Where traditional deep learning methods usually revolve around a one to one map between input and output data, reinforcement learning is a form of machine learning that focuses on a cycle of

Cycle of reinforcement learning

A state, in this case, is a frozen moment in time that contains all the information the model needs to choose which action it will take next. States can be a representation of the current moment only, or, in many cases, is a set of past states and actions leading up to the current moment. An action is what the model has decided is the best way to proceed given the current state. An action could be very complex or could be to sit still and do nothing. A reward is what the model receives when it takes an action in the current state and the rewards accumulated over time are what the model is trying to maximize.
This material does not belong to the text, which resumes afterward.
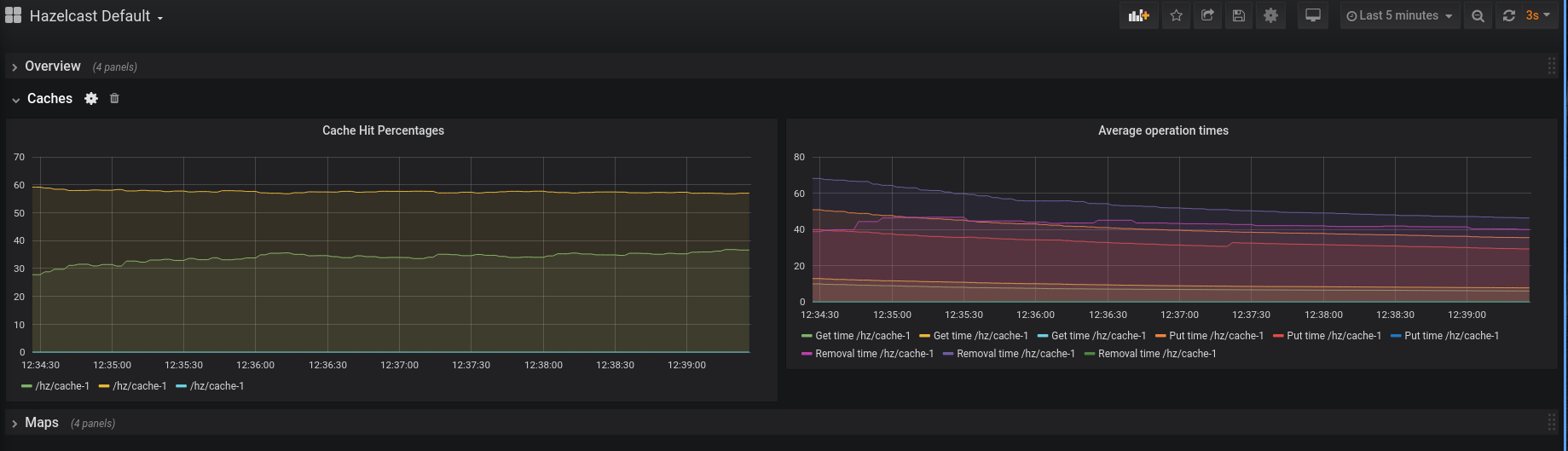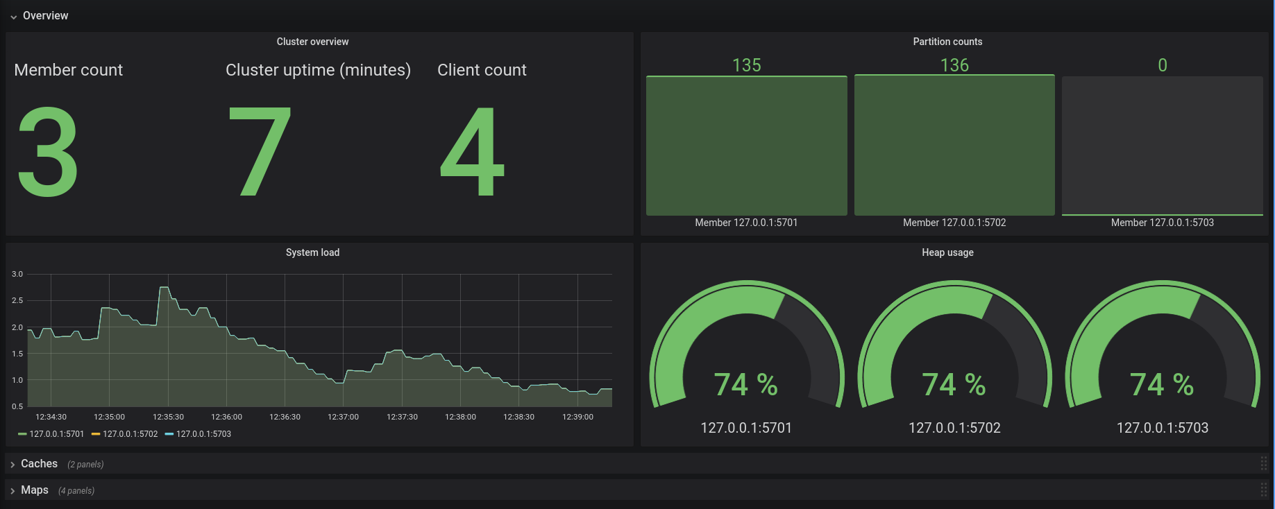 This dashboard visualizes common metrics received from a Prometheus instance which is connected to a Hazelcast Management Center instance. It displays general cluster information, and includes detail rows about IMaps and Caches.

The reward can be immediate, like picking up food, or it can be the culmination of a set of unrewarded actions the model previously took, like getting out of a maze.

In traditional deep learning, you have a set of inputs and (generally) a labeled set of outputs. Your input can be pictures, words, or just numbers that relate to some phenomena you’ve observed. The goal is usually to take these inputs and use different layers or formulas to transform them such that the output of the model matches the target labeled data you have. For example, you could use an LSTM based model to translate text between languages (Neural Machine Translation), or you can use a Convolution based neural network to segment images based on the objects they contain (Object Segmentation). In all of these cases, we have a model that is given one piece of data, outputs one piece of data, and doesn’t care at all about what data came before or the data that comes after the current example.

Reinforcement learning, on the other hand, works to maximize the potential future reward it will receive. It's common to not have a training dataset to begin with, so the model will often have to collect the data itself. The data consists of state, action, reward, new state sets which the model collects by choosing actions and interacting with the environment. At first, its actions will be random and it won’t get much of a reward. But as it accumulates more data, it will better understand the environment and reward structure. Eventually, it will be able to make choices that efficiently maximize its long term rewards.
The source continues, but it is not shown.